Because Section 102(a)(6) of the Dodd-Frank Act refers only to activities that have been determined to be financial in nature under Section 4(k), "activities that have been (or are) determined to be 'incidental' to financial activities … or to be 'complementary' to financial activities under section 4(k) are not considered financial activities for purposes of determining whether a company is predominantly engaged in financial activities under section 102(a)(6) of the Dodd-Frank Act," officials say.
The Fed refers in Regulation Y to some activities that are financial in nature as a result of the Gramm-Leach-Bliley Act rather than the Bank Holding Company Act.
"Acting as a principal or agent in the sale of insurance or annuities" is financial in nature under Gramm-Leach-Bliley, officials say.
The Dodd-Frank Act puts no new limits on what the Fed can define as an activity that is financial in nature under Section 4(k) of the Bank Holding Company Act, officials say.
Section 4(k) of the Bank Holding Company Act lets the Fed work with the Treasury secretary to "determine in the future that additional activities are 'financial in nature,"" Fed officials say.
The proposed rule "expressly recognizes that additional activities, beyond those already determined to be financial in nature" and listed in Regulation Y may be found to be financial in nature under Section 4(k), officials say.

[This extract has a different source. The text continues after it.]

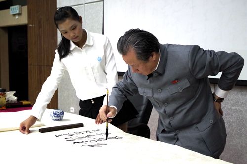 讲座结束后,同学们还围拢在梅先生身边请教,近距离欣赏他的书法作品。大家纷纷表示梅先生年近古稀,宣传红色文化的劲头值得年轻人学习,此次讲座不仅是一次文化艺术大餐,也是一堂生动的爱国主义教育课。青年学生一定会写好中国字,做好中国人,践行中国梦。

"The proposed rule provides that a company may request a determination by the Board as to whether a particular activity is financial in nature for purpose of section 4(k) of the BHC Act," officials say. "This procedure is substantially similar to the procedure outlined in Section 225.88 of Regulation Y under which a financial holding company or other interested entity may request a determination from the Board that an activity is financial in nature or incidental to a financial activity."
Large or interconnected nonbank companies could be deemed systemically important under Section 113 of the Dodd-Frank Act might use the determination procedure to find out whether some of their activities are financial in nature, officials say.
Comments on the proposed rule are due March 30.